Background Patients with advanced heart disease typically have poor prognosis despite optimal therapy and rarely receive coordinated future care planning (FCP).
Aim To explore whether a FCP intervention is acceptable, feasible and deliverable to patients (and families) with advanced heart disease following a recent unscheduled hospital admission.
Methods Patients with acute coronary syndrome (ACS) or acute heart failure (HF) were screened using a prognostic scoring tool. Patients with a 12 month estimated mortality risk of 20% or greater were randomly allocated to either early (upon discharge) or delayed (after 12 weeks) FCP for 12 weeks. The intervention combines holistic needs-assessment by a cardiologist with creation of a written/shared FCP and nurse-led care in the community.
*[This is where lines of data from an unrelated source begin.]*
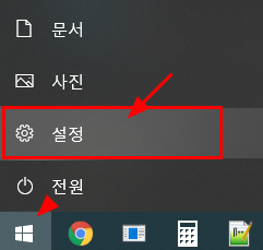 1. 시작 -> 설정을 클릭
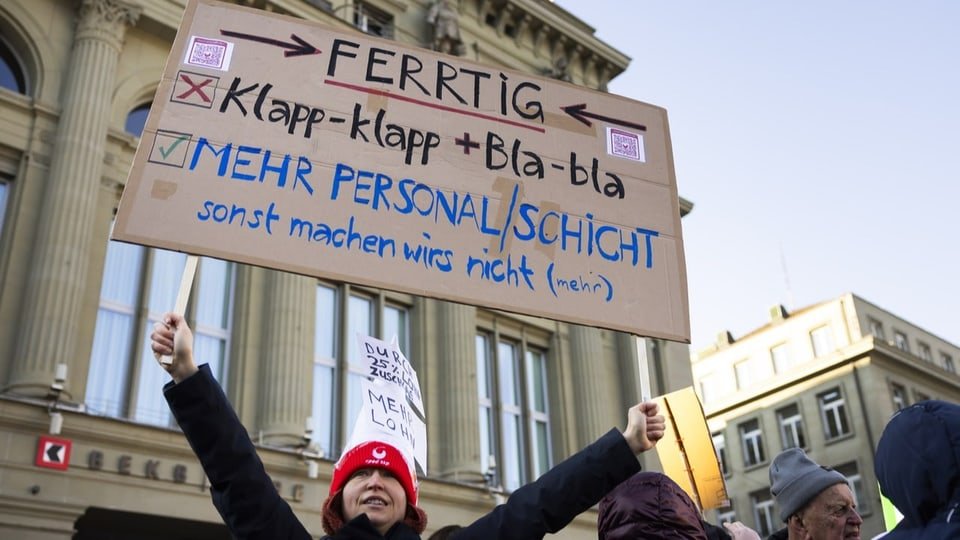 Die Demonstrierenden kritisieren insbesondere Arbeitsbedingungen, die weit hinter den Versprechen der Initiative zurückbleiben. Trotz öffentlicher Anerkennung fühlen sich viele Pflegekräfte im System alleingelassen: Es fehlen verbindliche Personalschlüssel, ausreichende Finanzierung und organisatorische Stabilität. Sie betonen, dass die 2021 angenommene Pflegeinitiative die Situation bisher kaum verbessert hat. Ohne klare Vorgaben bleibe jede Reform «symbolisch», wie viele es ausdrückten. Der Ruf nach strukturellen Veränderungen war unüberhörbar und zog sich durch die gesamte Kundgebung.
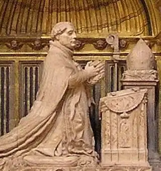 Estatua del obispo en su tumba, en la catedral de Plasencia, obra en alabastro de Francisco Giralte | ||
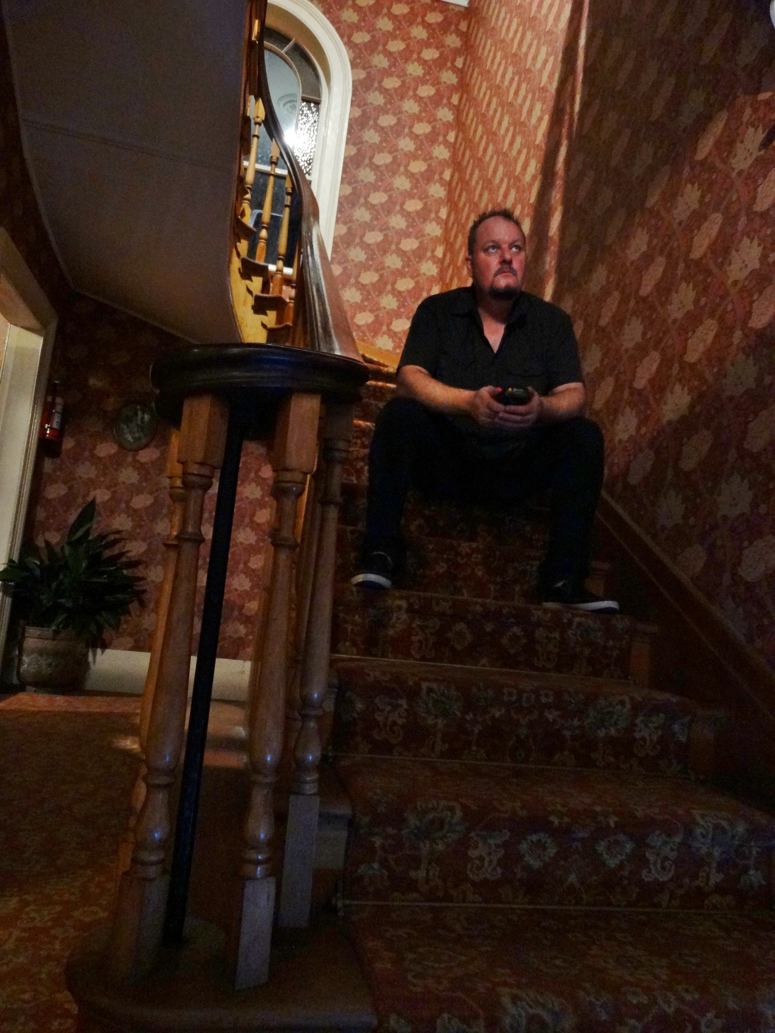 It’s weird. If you stare at a bunch of shadows long enough, they start to merge together and move. I’m looking at the shadows cast onto the stairwell wall.

Primary outcome is quality of life of patients and carers assessed using questionnaires.
Results 50 patients (and 32 carers) – 22% with ACS, 68% HF and 10% valvular heart disease. There were 5 deaths and 5 withdrawals. For the whole cohort mean age is 81.1 years (SD = 8.6), 60% male, mean Charlson comorbidity index was 4.2 (SD = 1.7), median Canadian frailty scale = 5 (Mildly frail). Intervention and follow up is currently on-going.
Discussion Findings demonstrate that the intervention and outcome measures were feasible and deliverable. Further analysis be presented at the meeting.
Conclusion Future Care planning represents a key generic mechanism by which patients with advanced heart disease can begin planning for a good death. Randomised trial evidence is one approach by which this could be adopted into routine clinical practice in a socialised healthcare system.